Camera angle is often used to suggest either vulnerability or power. In The Color of Paradise (Rang-e Khoda,1999) the father, who rules absolute over his family, is often portrayed from a low angle, therefore aggrandizing his figure.

On the other hand, his blind son Mohammad and his elderly grandmother are often shot from a high angle, emphasizing their dependence and smallness. These interpretations are not exclusive, however.
[…]

ASPECT RATIO
The ratio of the horizontal to the vertical sides of an image. Until the 1950s almost all film was shot in a 4:3 or 1.33:1 aspect ratio. Some filmmakers used multiple projectors to create a wider aspect ratio whereas others claimed that the screen should be square, not rectangular. Widescreen formats became more popular in the 1950s and now films are made in a variety of aspect ratios -- some of the most common being 1.66:1, 1.76:1, 1.85:1, and 2.35:1 (cinemascope).

Widescreen films are often trimmed for television or video release, effectively altering the original compositions. Some DVD's have the option of showing the film in its original format and in a reduced ratio that fits the TV screen. Compare the same frame from Bertolucci's Besieged (L'Assedio, 1998). Objects appear much more cramped with the reduced aspect ratio, giving an impression of physical (and psychological) space different from the theatrical release.

LEVEL OF FRAMING
Not only the angle from which a camera films but the height can also be a significant element in a film. A low-level camera is placed close to the ground whereas a high-level camera would be placed above the typical perspective shown in the cinema. Camera level is used to signify sympathy for characters who occupy particular levels in the image, or just to create pleasurable compositions. Camera level is obviously used to a greater advantage when the difference in height bewteen objects or characters is greater. In The Color of Paradise (Rang-e Khoda, Iran, 1999) Majid Majidi uses different camera height to emphasize the difference between Mohammad and his father.
[…]

CANTED FRAMING
Canted Framing is a view in which the frame is not level; either the right or left side is lower than the other, causing objects in the scene to appear slanted out of an upright positon. Canted framings are used to create an impression of chaos and instability. They are therefore associated with the frantic rhythms of action films, music videos and animation.

Many Hong Kong films of the 80s and 90s blend elements of the genres mentioned above, for instance Tsui Hark's Peking Opera Blues (Do Ma Daan, 1986). These films employ unconventional framings to achieve their signature dizzing, freewheeling style. Canted framings are also common when shooting with a Steadycam.
[…]

POINT-OF-VIEW SHOT
A shot taken with the camera placed approximately where the character's eyes would be, showing what the character would see; usually cut in before or after a shot of the character looking. Horror films and thrillers often use POV shots to suggest a menacing and unseen presence in the scene. Films that use many point-of-view shots tend toward dynamic and non-naturalistic style.
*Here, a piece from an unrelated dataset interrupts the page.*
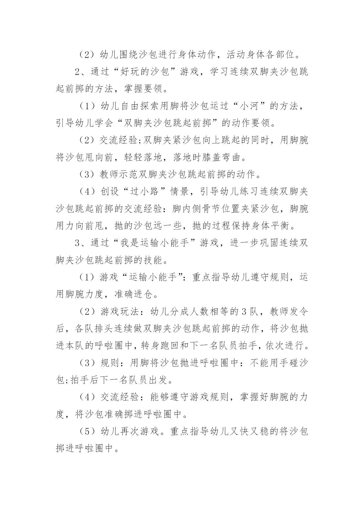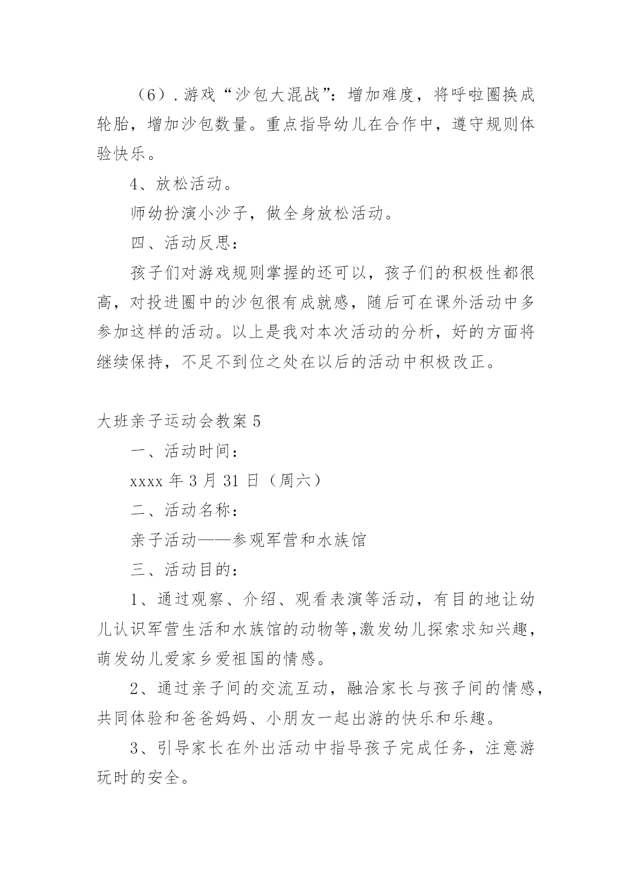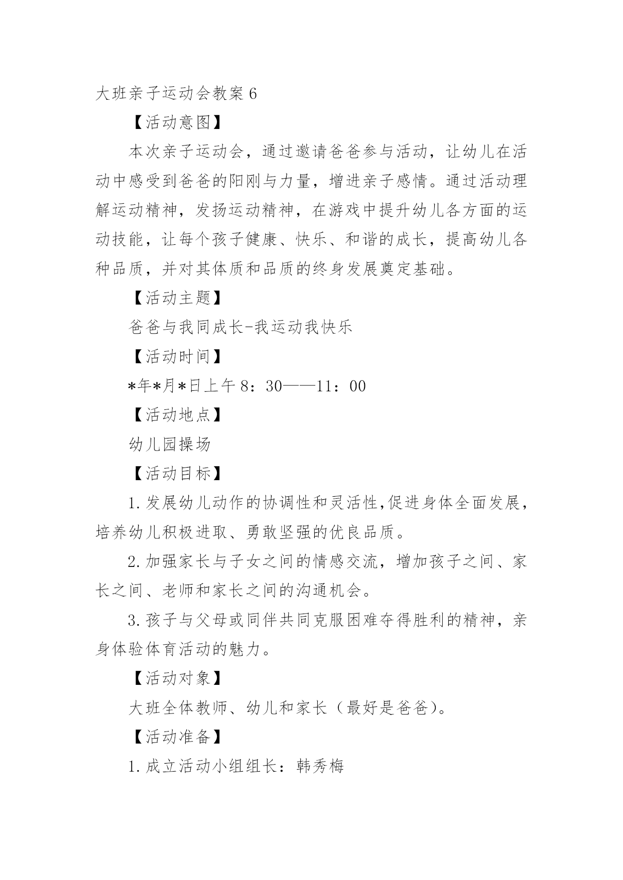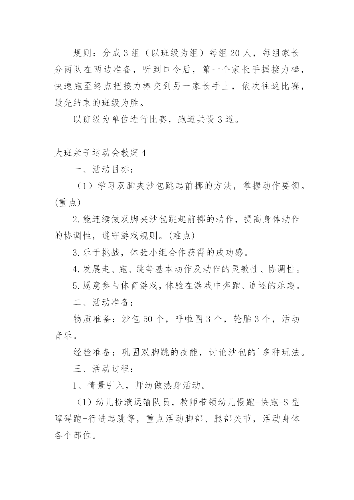 大班亲子运动会教案作为一位无私奉献的人民教师,总不可避免地需要编写教案,借助教案可以让教学工作更科学化。那么教案应该怎么写才合适呢?下面是小编整理的大班亲子运动会教案,供大家参考借鉴,希望可以帮助到有需要的朋友。大班亲子运动会教案1一、活动目标:1、通过和家长的一起游戏,增进幼儿与家人之间的情感。2、加强家园联系,增加教育的透明度,促进孩子的全面发展。3、培养孩子积极参加集体活动,愿意在校园环境下学习,体验活动带来的快乐。二、活动时间:xx年xx月xx日(8:30-----10:30)三、活动地点:xx班教室四、参加对象:全体幼儿和家长、班级老师和阿姨。活动一:游戏《吹乒乓球》五、活动目标:1、在游戏中锻炼幼儿的肺部力量。2、在游戏中体验游戏的快乐。活动准备:乒乓球六只,桌子六张,吸管、杯子若干。游戏玩法:1、根据人数,将幼儿分组游戏。2、家长用吸管将水从一个杯子中吸到另一个装有乒乓球的`杯子中,幼儿将浮起的乒乓球吹出杯子外面。3、同组中最先吹出乒乓球的家庭胜利。活动二:亲子游戏《抢椅子》六、活动目的:1、培养孩子的竞争意识,增添家庭的欢乐气氛。2、让孩子能听指令游戏。活动准备:椅子若干把比参赛人数少一游戏玩法:把椅子(比人数少一)背靠背围成圈放好,参赛者围着椅子朝一个方向跑。音乐一停,参赛者立即抢椅子坐下,抢不到椅子的人算输,然后搬一把椅子下去,游戏重新开始,坚持到最后的为赢。大班亲子运动会教案2活动重点:要求有准确度的定点投掷活动准备:直径70cm的钻洞1个、大型加厚的袋子1个、桌子1张、乒乓球若干、定点线、纸板绘制老虎头2个活动过程:每人5个乒乓球,幼儿站立于定点线,瞄准虎口,向其投掷,球入虎口。幼儿投进虎口的乒乓球刚好或者超出3个的`得胜获奖励。(小、中大班按两个老虎头的距离分别进行投掷)活动2:打保龄球活动准备:15个装有水的矿泉水瓶、小篮球3个、三条记事贴。玩法:活动分为三组进行,分别设为小班区、中班区、大班区。小班区五个水瓶并排一排没有间距,中、大班各依次加大难度。起点到水瓶的距离为两米。规则:要求幼儿把球滚过去(抛起来算犯规)就不能参与活动。每组家庭参加滚球的次数不能超过5次,在五次之内把球都的家庭可获得一个印章。活动3:钓鱼活动准备:1、鱼杆磁铁小鱼若干。2、用绳子围一个圆圈作鱼池。活动玩法:每次请6名幼儿进入场地,拿钓鱼杆钓鱼。用磁铁将鱼池里的小鱼钓起。比比看谁钓得多。钓到鱼的可以在活动卡上盖一个印章。活动4:套圈活动准备:1、小圈若干。印章2、玩具若干。活动玩法:每次请三名幼儿参加活动,每个幼儿手拿三个圈圈站在起点线处,向前把圈丢到玩具处,套到玩具的可以在活动卡上盖一个印章。每个幼儿有三次机会。活动5:连环跳活动准备:呼啦圈每组5个活动玩法:把幼儿分四组,每组分别把5个呼啦圈一字排开,幼儿跳一个圈,家长把后面的圈捡起来套在幼儿身上,幼儿拿着圈接着跳下一个圈,直到把5个圈都套在身上达到终点,在跑回起点,把圈交给下一组家长。活动完成可获得一个印章。大班亲子运动会教案3两人项目:袋鼠跳目的:发展孩子的跳跃能力,培养竞争意识,促进亲子感情。准备:布袋6只。规则:孩子站在布袋里双手拉住布袋在起点准备,听到口令后,双脚行进跳向家长,由家长跳回到到起点,谁先跳到为胜。三人参加项目:皮球真听话目的:提高孩子的控球能力,培养孩子动作的'敏捷性和协调能力,增进亲子感情。准备:皮球6个。规则:爸爸妈妈在起点准备,听到口令后将球夹在背后,爸爸妈妈共同把球夹到终点,孩子再将球从终点运回到起点,先到起点者胜。若中途球滚掉则应捡起球到掉球处重来。集体项目:接力赛跑(每班选20人参赛)目的:提高班级凝聚力,培养团队合作意识。准备:接力棒3根。规则:分成3组(以班级为组)每组20人,每组家长分两队在两边准备,听到口令后,第一个家长手握接力棒,快速跑至终点把接力棒交到另一家长手上,依次往返比赛,最先结束的班级为胜。以班级为单位进行比赛,跑道共设3道。大班亲子运动会教案4一、活动目标:(1)学习双脚夹沙包跳起前挪的方法,掌握动作要领。(重点)2.能连续做双脚夹沙包跳起前掷的动作,提高身体动作的协调性,遵守游戏规则。(难点)3.乐于挑战,体验小组合作获得的成功感。4.发展走、跑、跳等基本动作及动作的灵敏性、协调性。5.愿意参与体育游戏,体验在游戏中奔跑、追逐的乐趣。二、活动准备:物质准备:沙包50个,呼啦圈3个,轮胎3个,活动音乐。经验准备:巩固双脚跳的技能,讨论沙包的`多种玩法。三、活动过程:1、情景引入,师幼做热身活动。(1)幼儿扮演运输队员,教师带领幼儿慢跑-快跑-S型障碍跑-行进起跳等,重点活动脚部、腿部关节,活动身体各个部位。(2)幼儿围绕沙包进行身体动作,活动身体各部位。2、通过“好玩的沙包”游戏,学习连续双脚夹沙包跳起前掷的方

In this clip from Peking Opera Blues (Do Ma Daan, Tsui Hark, Hong Kong, 1986) the female impersonator's fear of the soldier who attempts to procure him for his general is rendered comic by the cut to POV and wide angle.

POV is one of the means by which audiences are encouraged to identify with characters. However, it is actually a relatively rare technique: identificatory mechanisms rely more on sympathetic character and the flow of narrative information than on simple optical affiliation.

WIDE ANGLE LENS
A lens of short focal length that affects a scene's perspective by distorting straight lines near the edges of the frame and by exaggerating the distance between foreground and background planes. In doing so it allows for more space to enter the frame (hence the name "wide"), which makes it more convenient for shooting in a closed location, for instance a real room, rather than a three-wall studio room. In addition, a wider lens allows for a bigger depth of field. In 35mm filming, a wide angle lens is 30mm or less. See also telephoto lens.

NEXT TIME: Scale

Cinematography: Quality (MLCM)

This is all cut and pasted from the Yale Film Analysis Website. I have taken out bits that aren't relevant.

Cinematography
Section 1 - Quality
This section explores some of the elements at play in the construction of a shot. As the critics at Cahiers du cinéma maintained, the "how" is as important as the "what" in the cinema. The look of an image, its balance of dark and light, the depth of the space in focus, the relation of background and foreground, etc. all affect the reception of the image. For instance, the optical qualities of grainy black and white in Battle of Algiers (Gillo Pontecorvo, Maarakat madinat al Jazaer, Algeria, 1965) seem to guarantee its authenticity. On the other hand, the shimmering Technicolor of a musical such as Singin' in the Rain (Stanley Donen, 1952) suggests an out-of-this-world glamor and excitement.

COLOR
[…] Apart from the added realism or glamor that a color image could provide, color is also used to create aesthetic patterns and to establish character or emotion in narrative cinema. In Federico Fellini's extravagant Juliet of the Spirits (Giulietta degli Spiriti, 1965) colors separate the bourgeois reality and the fantasy daydreamings of the title character, who partyhops between black and white and reds and purples.
[…]

CONTRAST
The ratio of dark to light in an image. If the difference between the light and dark areas is large, the image is said to be "high contrast". If the difference is small, it is referred to as "low contrast" Most films use low contrast to achieve a more naturalistic lighting. High contrast is usually associated with the low key lighting of dark scenes in genres such as the horror film and the film noir. A common cliche is to use contrast between light and dark to distinguish between good and evil. The use of contrast in a scene may draw on racist or sexist connotations.
[…]

DEEP FOCUS
Like deep space, deep focus involves staging an event on film such that significant elements occupy widely separated planes in the image. Unlike deep space, deep focus requires that elements at very different depths of the image both be in focus.
[…]

While deep focus may be used occasionally, some auteurs use it consistently for they believe it achieves a truer representation of space. Directors like Jean Renoir, Orson Welles, Hou Hsao-Hsien, or Abbas Kiarostami all use deep focus as an essential part of their signature style.

SHALLOW FOCUS
A restricted depth of field, which keeps only one plane in sharp focus; the opposite of deep focus. Used to direct the viewer's attention to one element of a scene. Shallow focus is very common in close-up […]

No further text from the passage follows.